Your goal: Write an exact copy of the entries below that leaves out all pictures.

Data to examine:
.....
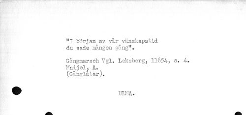 //// t*I början av vår vänskapstid //// du sade mången gång". //// Gångmarsch Vgl. Leksberg, 11654- s. 4. //// Maljel^ A.^ //// (Gånglåtar). ////
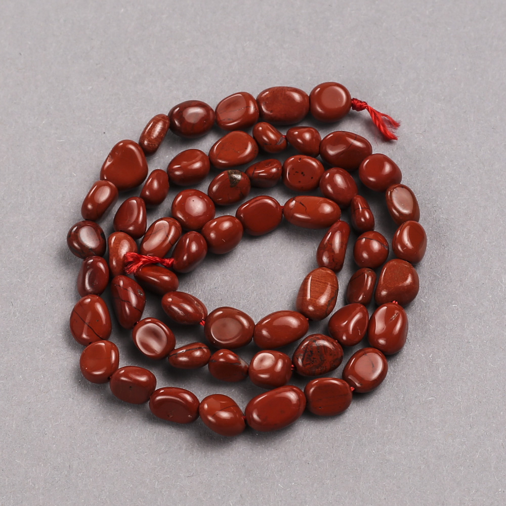 Галтовані намистини діаметром приблизно 8х6 мм мають приємну, гладеньку поверхню, яка м’яко відбиває світло, створюючи природне сяйво. Відтінки червоної яшми варіюються від насиченого теракотового до глибокого винного, що додає композиціям тепла та виразності. Довжина нитки близько 39 см дозволяє легко комбінувати ці камені з іншими матеріалами — металевою фурнітурою, деревом, склом чи перлами.
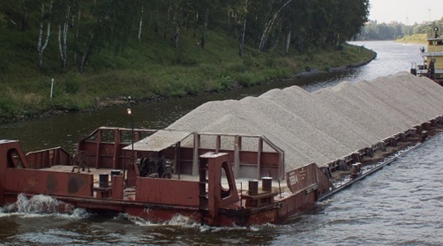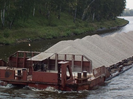 Баржу с щебнем частично затопило на Енисее после удара с подводным препятствием
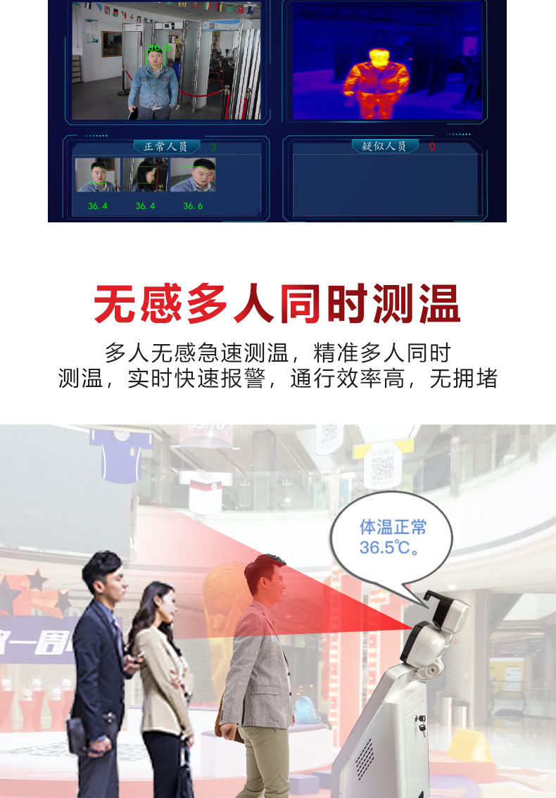 可以同時監測大范圍人群,同一時刻最多支持20人測溫,毫秒級響應,快速找出人群中體溫較高的并對其進行紅色標記,實時傳輸到管理平臺。
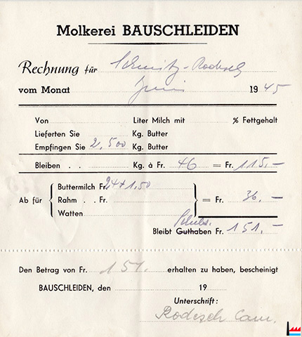 ![]() Molkerei Bauschleiden (Bauschelt, Boulaide) - Rechnung vom Juni 1945 - Rodesch Camille (Collection: industrie.lu) |
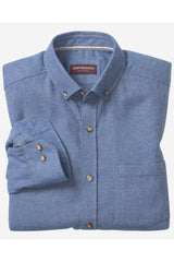 Introducing the Johnston & Murphy Blue Solid Shirt, a perfect blend of classic style and modern comfort. This midweight woven top is designed for year-round wear, featuring a brushed finish for extra softness and a button-down collar for a polished look. The subtle contrast facing inside the collar and cuffs adds a touch of sophistication, making it ideal for both smart casual and everyday casual settings. For a business casual look, pair this shirt with tailored trousers and leather shoes. Alternatively, dress it down with jeans for a relaxed date night ensemble.
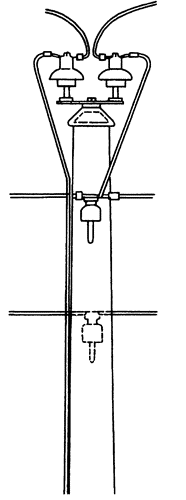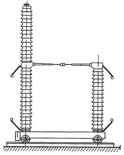 Первые разрядники были рассчитаны на защиту от атмосферных перенапряжений посредством искрового пробоя воздушного промежутка между двумя металлическими электродами. Такие электроды имели форму рогов, закрепленных на фарфоровых изоляторах (рис. 6.12). Такая форма электродов способствовала отводу от изоляторов электрической дуги, которая может возникать при пробое разрядника под воздействием молнии.
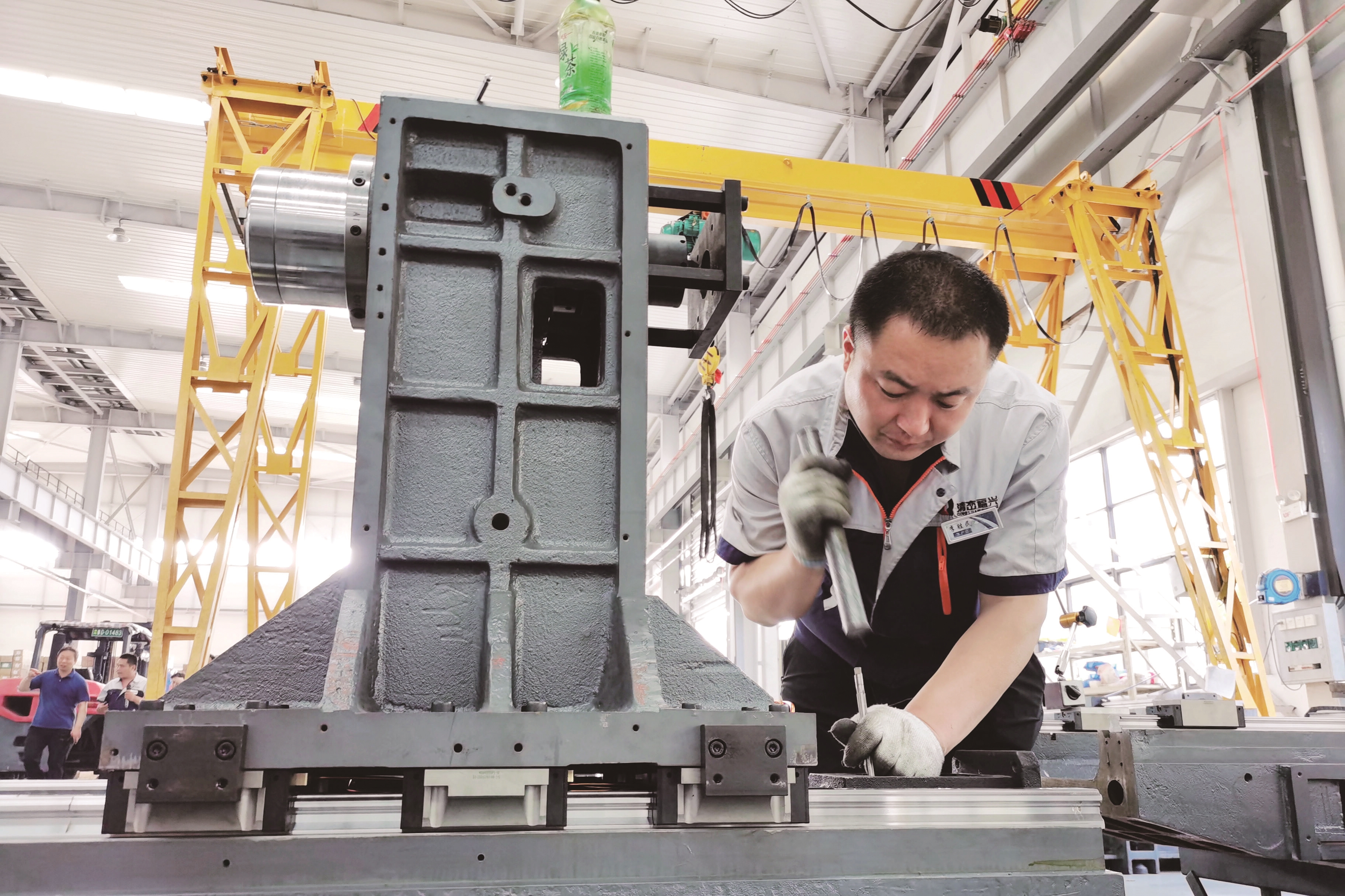 近日,清峦集团山东大汉智能科技公司的员工正在车间加工机床产品。面对工业互联网发展机遇,该公司主动调整战略方向,建立大数据产业基地,为生产及服务客户提供数据支持,实现了数字化智能生产。
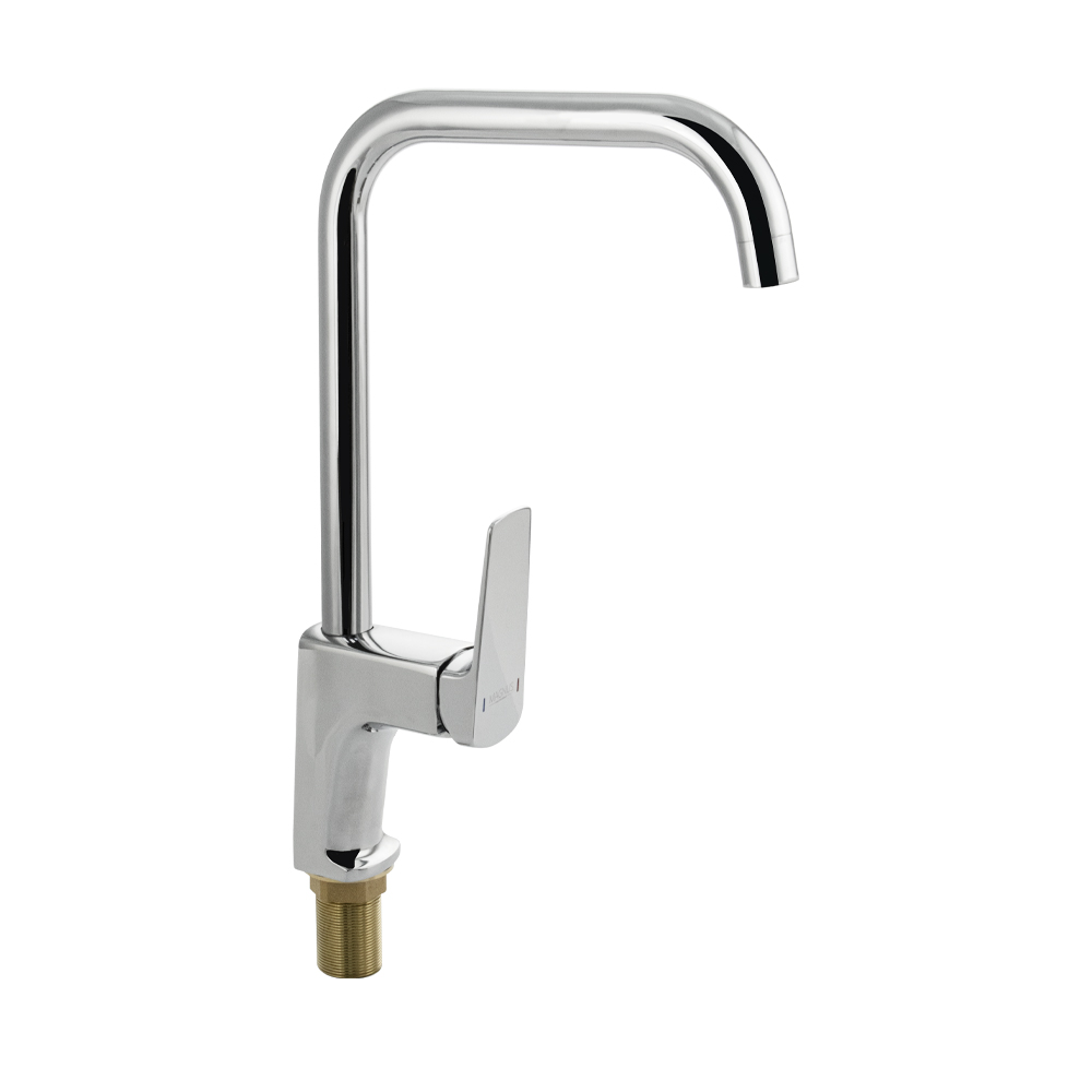Смеситель для кухонной мойки и раковин, латунный квадратный корпус, хромированный, боковой, с высоким С-образным изливом, шаровый. Крепление резьба - гайка, картридж d = 40 мм, литая ручка. Аэратор для экономии воды. Габаритные размеры: высота 360 мм, длина 230 мм, размер посадочного седла 45 мм, длина резьбы 50 мм, длина подводки 500 мм. Вес - 1,400 кг, объём - 0,00800 м3. В комплекте паспорт, корпус с изливом, подводка 1/2, крепеж, набор прокладок.
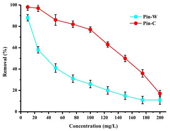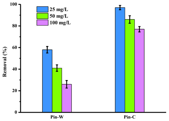 Effect of the initial copper concentration on the purification performance (expressed in % of removed copper) of washed (Pin-W) and activated (Pin-C) pine materials (other conditions: volume of solution = 100 mL; mass of material = 1 g; contact time = 120 min; T = 22 ± 1 °C; pHi = 4.7–5.6 ± 0.1; stirring = 250 rpm; n = 3).
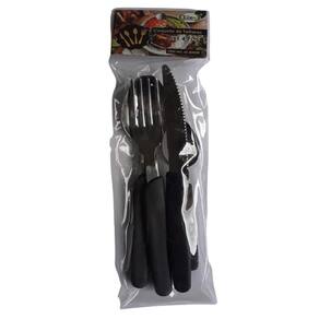 Conjunto de Talheres em aço inox com cabo plástico na cor preta de excelente qualidade. Decore sua mesa de jantar com estilo e sofisticação do este jogo de talheres
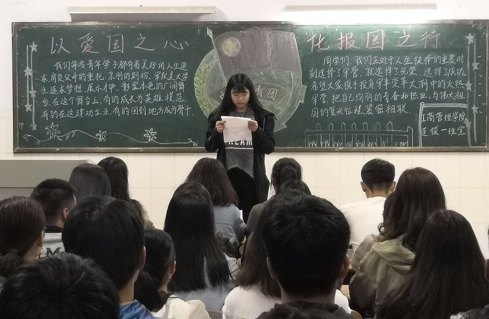 为响应国家号召,帮助公司员工深入了解参军入伍的最新政策与流程,正确认识参军入伍的重要意义,激发同学们的参军热情,推动征兵宣传工作的顺利开展。公司于4月12日在教学楼A楼举办了“参军报国,准备出发”主题团课,共有17级国际商务一班、17级国际商务二班、17级连锁经营管理一班、17级连锁经营管理二班、17级工商管理一班、17级人力资源管理一班六个班级三百余人参加此次团课。
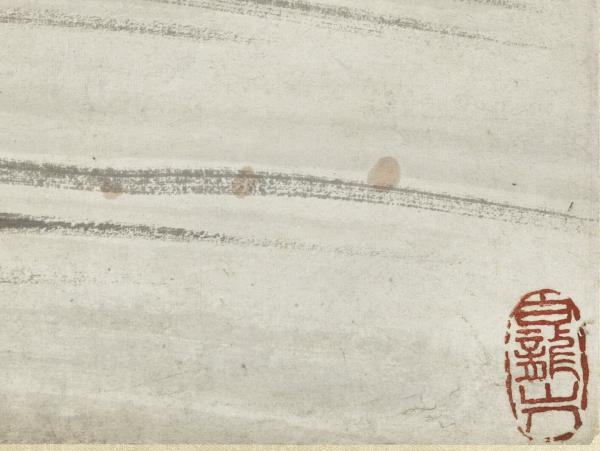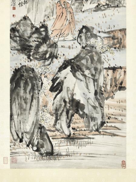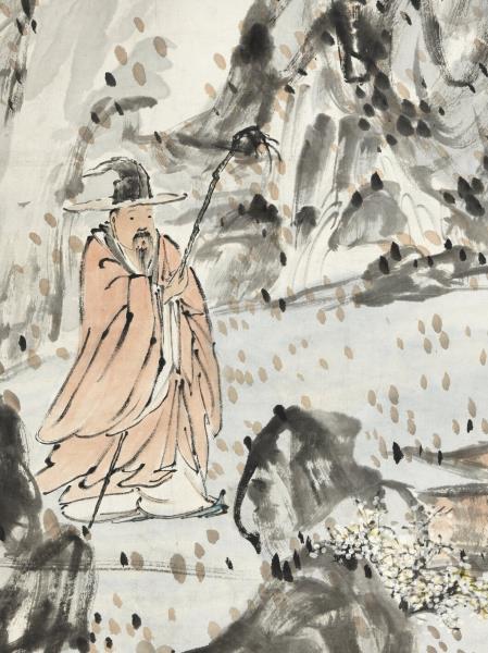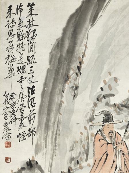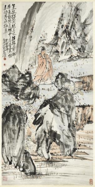 本幅為蔡辰男先生捐贈,運雄健之筆,寫怪石流泉,梅華夾道,士人戴笠,獨行其間。此幀賦色簡淡,然墨彩交融,點染隨興,自成一派恣肆生動的意趣。
.....
Your solution:
 //// t*I början av vår vänskapstid //// du sade mången gång". //// Gångmarsch Vgl. Leksberg, 11654- s. 4. //// Maljel^ A.^ //// (Gånglåtar). ////
 Галтовані намистини діаметром приблизно 8х6 мм мають приємну, гладеньку поверхню, яка м’яко відбиває світло, створюючи природне сяйво. Відтінки червоної яшми варіюються від насиченого теракотового до глибокого винного, що додає композиціям тепла та виразності. Довжина нитки близько 39 см дозволяє легко комбінувати ці камені з іншими матеріалами — металевою фурнітурою, деревом, склом чи перлами.
 Баржу с щебнем частично затопило на Енисее после удара с подводным препятствием
 可以同時監測大范圍人群,同一時刻最多支持20人測溫,毫秒級響應,快速找出人群中體溫較高的并對其進行紅色標記,實時傳輸到管理平臺。
 ![]() Molkerei Bauschleiden (Bauschelt, Boulaide) - Rechnung vom Juni 1945 - Rodesch Camille (Collection: industrie.lu) |
 Introducing the Johnston & Murphy Blue Solid Shirt, a perfect blend of classic style and modern comfort. This midweight woven top is designed for year-round wear, featuring a brushed finish for extra softness and a button-down collar for a polished look. The subtle contrast facing inside the collar and cuffs adds a touch of sophistication, making it ideal for both smart casual and everyday casual settings. For a business casual look, pair this shirt with tailored trousers and leather shoes. Alternatively, dress it down with jeans for a relaxed date night ensemble.
 Первые разрядники были рассчитаны на защиту от атмосферных перенапряжений посредством искрового пробоя воздушного промежутка между двумя металлическими электродами. Такие электроды имели форму рогов, закрепленных на фарфоровых изоляторах (рис. 6.12). Такая форма электродов способствовала отводу от изоляторов электрической дуги, которая может возникать при пробое разрядника под воздействием молнии.
 近日,清峦集团山东大汉智能科技公司的员工正在车间加工机床产品。面对工业互联网发展机遇,该公司主动调整战略方向,建立大数据产业基地,为生产及服务客户提供数据支持,实现了数字化智能生产。
Смеситель для кухонной мойки и раковин, латунный квадратный корпус, хромированный, боковой, с высоким С-образным изливом, шаровый. Крепление резьба - гайка, картридж d = 40 мм, литая ручка. Аэратор для экономии воды. Габаритные размеры: высота 360 мм, длина 230 мм, размер посадочного седла 45 мм, длина резьбы 50 мм, длина подводки 500 мм. Вес - 1,400 кг, объём - 0,00800 м3. В комплекте паспорт, корпус с изливом, подводка 1/2, крепеж, набор прокладок.
 Effect of the initial copper concentration on the purification performance (expressed in % of removed copper) of washed (Pin-W) and activated (Pin-C) pine materials (other conditions: volume of solution = 100 mL; mass of material = 1 g; contact time = 120 min; T = 22 ± 1 °C; pHi = 4.7–5.6 ± 0.1; stirring = 250 rpm; n = 3).
 Conjunto de Talheres em aço inox com cabo plástico na cor preta de excelente qualidade. Decore sua mesa de jantar com estilo e sofisticação do este jogo de talheres
 为响应国家号召,帮助公司员工深入了解参军入伍的最新政策与流程,正确认识参军入伍的重要意义,激发同学们的参军热情,推动征兵宣传工作的顺利开展。公司于4月12日在教学楼A楼举办了“参军报国,准备出发”主题团课,共有17级国际商务一班、17级国际商务二班、17级连锁经营管理一班、17级连锁经营管理二班、17级工商管理一班、17级人力资源管理一班六个班级三百余人参加此次团课。
 本幅為蔡辰男先生捐贈,運雄健之筆,寫怪石流泉,梅華夾道,士人戴笠,獨行其間。此幀賦色簡淡,然墨彩交融,點染隨興,自成一派恣肆生動的意趣。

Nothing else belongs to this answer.